RMI’s new Progress and Potential for Community-Scale Solar report offers new approaches to help drive additional development and buyer adoption of this clean, reliable, locally sourced resource.

Community-scale solar consists of solar arrays that generate mid-size (e.g., 0.5–5 MW) solar power and that are sited within the neighborhoods they serve. According to RMI’s Shine: Community Scale Solar project page, tens of millions of US homes and businesses can’t access solar electricity for reasons that include financing constraints, not owning their property, the lack of a suitable roof for solar, or high prices due to poor adaptation of system design and business models in combination with lack of competition.

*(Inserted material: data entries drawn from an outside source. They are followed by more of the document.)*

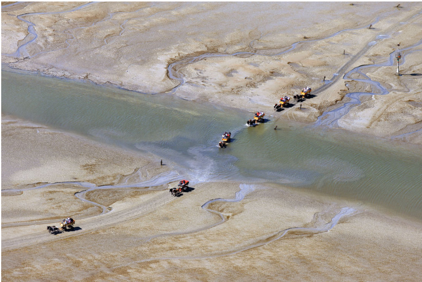
Wattfahrt nach Neuwerk
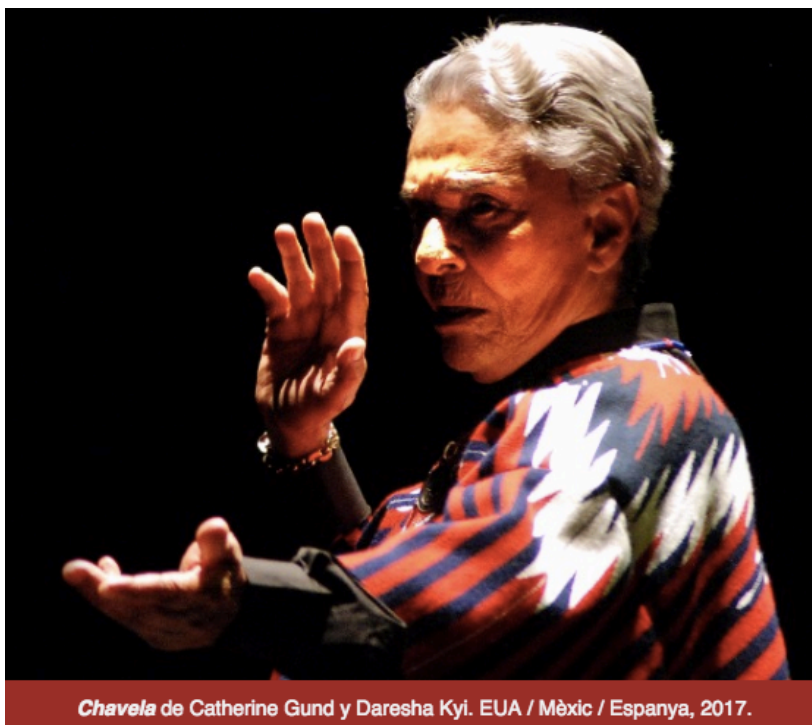
Chavela de Catherine Gund y Daresha Kyi. EUA / Mèxic / Espanya, 2017.
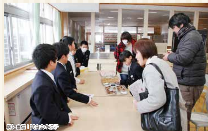
腕に自信! 試食の様子

この日の発表会では、研究グループごとに地元で取れる野菜を使ったレシピの発表や、地域農業の歴史や現在の取り組みなどを手作りで制作したパネルやパソコンを使い学習成果発表を行いました。また、地元のラズベリーを使用したジュースや里芋の田楽などの試食も行い、来校した保護者や農家の方々に大好評でした。

RMI says community-scale solar can change that and provide affordable access to this clean energy source. And the community-scale solar market segment is for everyone, says the group — especially homes and businesses; utilities — including municipal utilities, electric cooperatives, and investor-owned utilities; community-based organizations; and solar developers.

In fact, readers may want to educate themselves and meet up with FMs from neighboring facilities to drum up interest and see if a CSS system might be of mutual benefit.

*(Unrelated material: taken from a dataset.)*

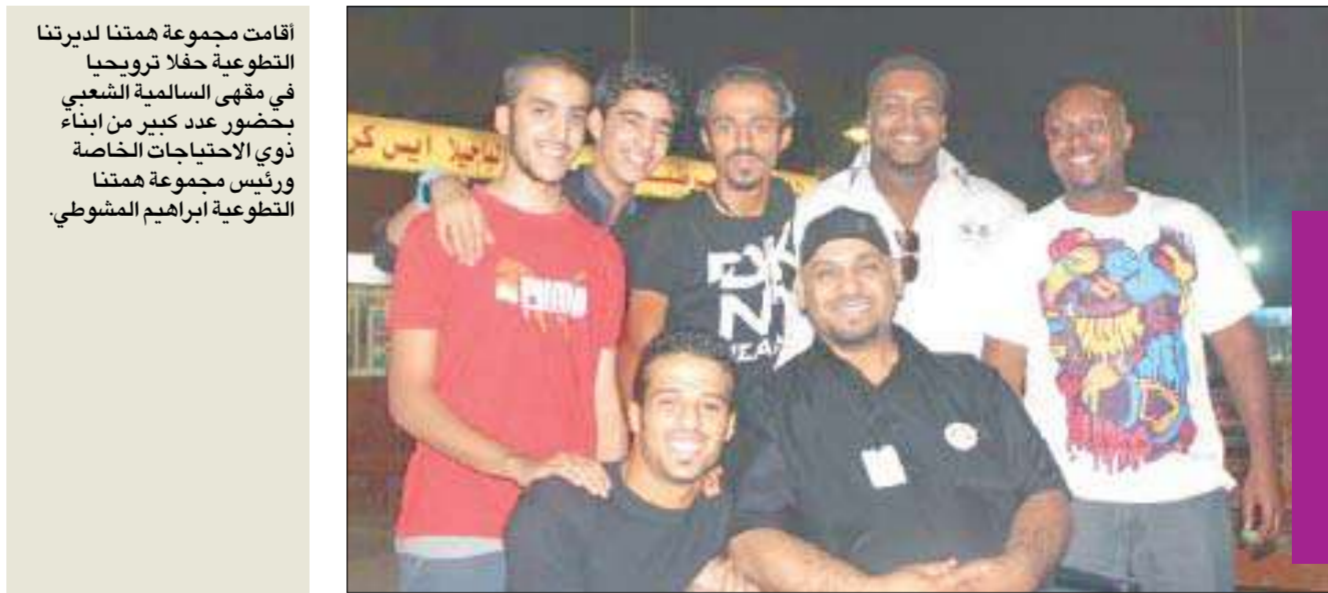
مجموعة همتنا لديرتنا التطوعية

The report relays data and insights from RMI’s work supporting co-op solar procurement in Colorado, New Mexico, and Texas, and focuses particularly on the CSS opportunity for rural electric cooperatives. It follows RMI’s research highlighting levers to reduce CSS costs by 40% and enable a 30-gigawatt community scale-solar market — the equivalent of about 50 average-sized coal plants — by 2020.

RMI believes the CSS segment sits in an economic sweet spot in the market and represents an economic opportunity of as much as $30 billion. According to the group, community-scale systems are large enough to access low costs through economies of scale and small enough to efficiently interconnect into distribution systems.

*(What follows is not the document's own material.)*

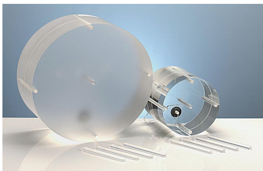
شکل ۱: فانتوم های سر و تنه

در این رابطه CTDI c دوز به دست آمده در مرکز و CTDI p دوز به دست آمده در حفره های محیطی فانتوم های سر و تنه می باشد. فانتوم های سر و تنه دو عدد استوانه از جنس Polymethylmethacrylate (PMMA) با قطر ۱۶ و ۳۲ و طول ۱۵ سانتی متر می باشند. بر روی این استوانه ها یک حفره در مرکز و چهار حفره دیگر نیز در کناره محیطی
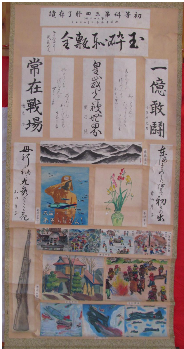
第 33 回卒 昭和 19 年 3 月

Via these solar arrays — between 0.5 megawatt (MW) and 5 MW per installation, interconnected to distribution networks and sited directly within the neighborhoods they serve — cooperatives can leverage local connections to facilitate the development process, further reducing costs.

Thomas Koch Blank, a principal at RMI, remarked:

In demonstrating the ability to already today deliver clean energy at or below 5 cents per kilowatt-hour on the distribution grid, CSS can be the “killer app” for cooperatives, supplying a cost-competitive, locally sourced, clean energy resource that also provides resilience benefits to their members. Seizing on the additional cost-reduction pathways we identify will help ensure buyers access to the best CSS offerings and their range of benefits.

RMI in December announced the start of construction on a new 3 MW solar project in New Mexico that will sell its output below 4.5 cents per kilowatt-hour, a price RMI believes is the lowest reported contract for distributed photovoltaic solar energy in the U.S. RMI provided project analysis and supported the competitive procurement process for Otero County Electric Cooperative, Inc.

RMI is working with communities, utilities, and solar developers to build a more transparent, standardized approach to help expand market access for community-scale solar installations. The organization also is continually expanding its network to both raise awareness of the benefits of this technology, and to simplify the process to help stakeholders determine how CSS can help lower electricity costs and bring more clean energy onto the grid.